Oscar Luis Colás Leon (born September 17, 1998) is a Cuban professional baseball outfielder for the Saraperos de Saltillo of the Mexican League. He has previously played in Nippon Professional Baseball (NPB) for the Fukuoka SoftBank Hawks, and in Major League Baseball (MLB) for the Chicago White Sox.

==Career==
Colás was born in Cuba. He attended Escuela Número 95 Nguyen in Van Troy, Cuba.

===Cuban National Series===
In 2016–2017 season, Colás played in the Santiago de Cuba of the Cuban National Series.

On May 10, 2017, the Government of Cuba signed a contract to dispatch Colás and Liván Moinelo to the Fukuoka SoftBank Hawks as a developmental player. From mid-2017 season to mid-2019 season, he played in informal games against Shikoku Island League Plus's teams and amateur baseball teams, and played in the Western League of NPB's minor leagues.

===Fukuoka SoftBank Hawks===
On June 24, 2019, Colás signed a 15 million yen contract (~US$140,000) with the Fukuoka SoftBank Hawks as a registered player under control. On August 18, he debuted against the Saitama Seibu Lions, and recorded a home run at the first Plate appearance in the Pacific League. In the 2019 season, he played 7 games in the Pacific League.

On January 3, 2020, Francys Romero of MLB.com reported that Colás had defected from Cuba and was looking to sign on with a Major League team. On December 23, 2020, Colás was officially granted his release and declared a free agent by Major League Baseball. He was made eligible to sign with a club starting in January 2021.

===Chicago White Sox===
On January 25, 2022, Colás signed with the Chicago White Sox. His signing bonus was $2.7 million. Soon after, Colás gave up pitching to focus on outfield work.

Colas spent the 2022 season split between three White Sox affiliates: the High-A Winston-Salem Dash, Double-A Birmingham Barons, and Triple-A Charlotte Knights. In 117 games between the three minor league clubs, Colás slashed .314/.371/.524 while tallying 23 home runs, 79 RBI, and 3 stolen bases while being caught four times.

On March 26, 2023, the White Sox announced that Colás had made the Opening Day roster. He made his MLB debut on March 30, recording a hit as a pinch hitter. Colás batted .211 with one home run and seven RBI in 25 games, before he was optioned to Charlotte. In 48 games for Charlotte, he batted .293 with nine home runs and 29 RBI before he was promoted to the major leagues in July. In 2023 in the major leagues he batted .216/.257/.314 with 5 home runs and 19 RBI in 245 at-bats, as he stole four bases in seven attempts and played primarily right field. Colás was optioned to Triple–A Charlotte to begin the 2024 season. In 13 games for the White Sox, he went 9-for-33 (.273) with four RBI.

Colás was designated for assignment by Chicago on March 26, 2025. He cleared waivers and was sent outright to Triple-A Charlotte on March 28. Colás made 29 appearances split between Charlotte and Birmingham, but posted a .163/.245/.255 batting line with one home run, 12 RBI, and three stolen bases.
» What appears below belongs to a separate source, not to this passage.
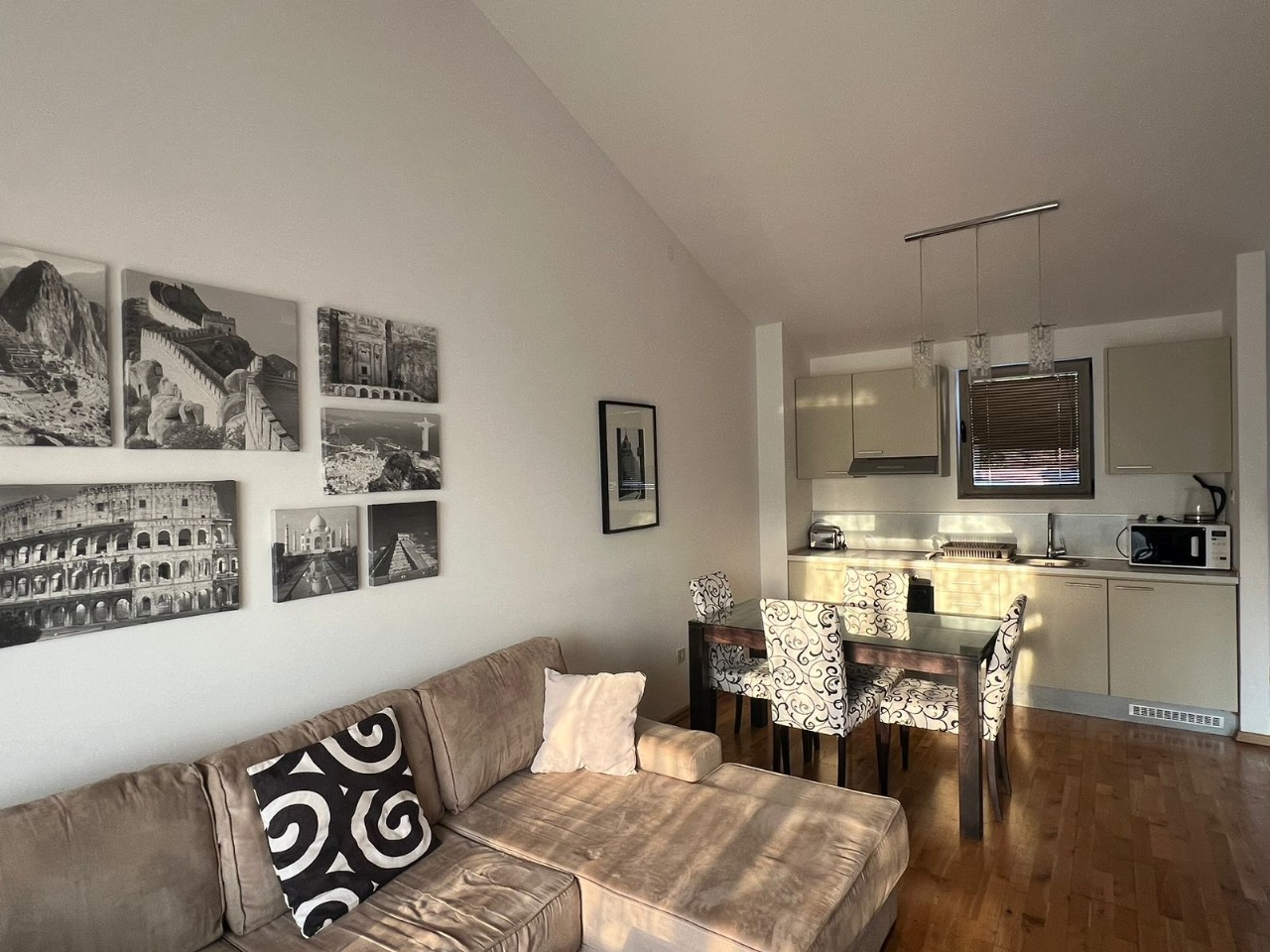 This cozy apartment is situated on the top floor of the complex, featuring high ceilings that create a spacious and airy ambiance. The open-plan design of the living room and kitchen adds to the modern feel of the home. The kitchen comes fully equipped with all necessary appliances, making it easy to settle in and start living right away. Additionally, a comfortable bedroom and a modern bathroom complete this charming space.

Colás was released by the White Sox organization on May 24.

===Los Angeles Angels===
On May 27, 2025, Colás signed a minor league contract with the Los Angeles Angels. He made 78 appearances for the Double-A Rocket City Trash Pandas, batting .221/.289/.409 with 14 home runs and 46 RBI. Colás elected free agency following the season on November 6.

===Saraperos de Saltillo===
On April 24, 2026, Colás signed with the Saraperos de Saltillo of the Mexican League.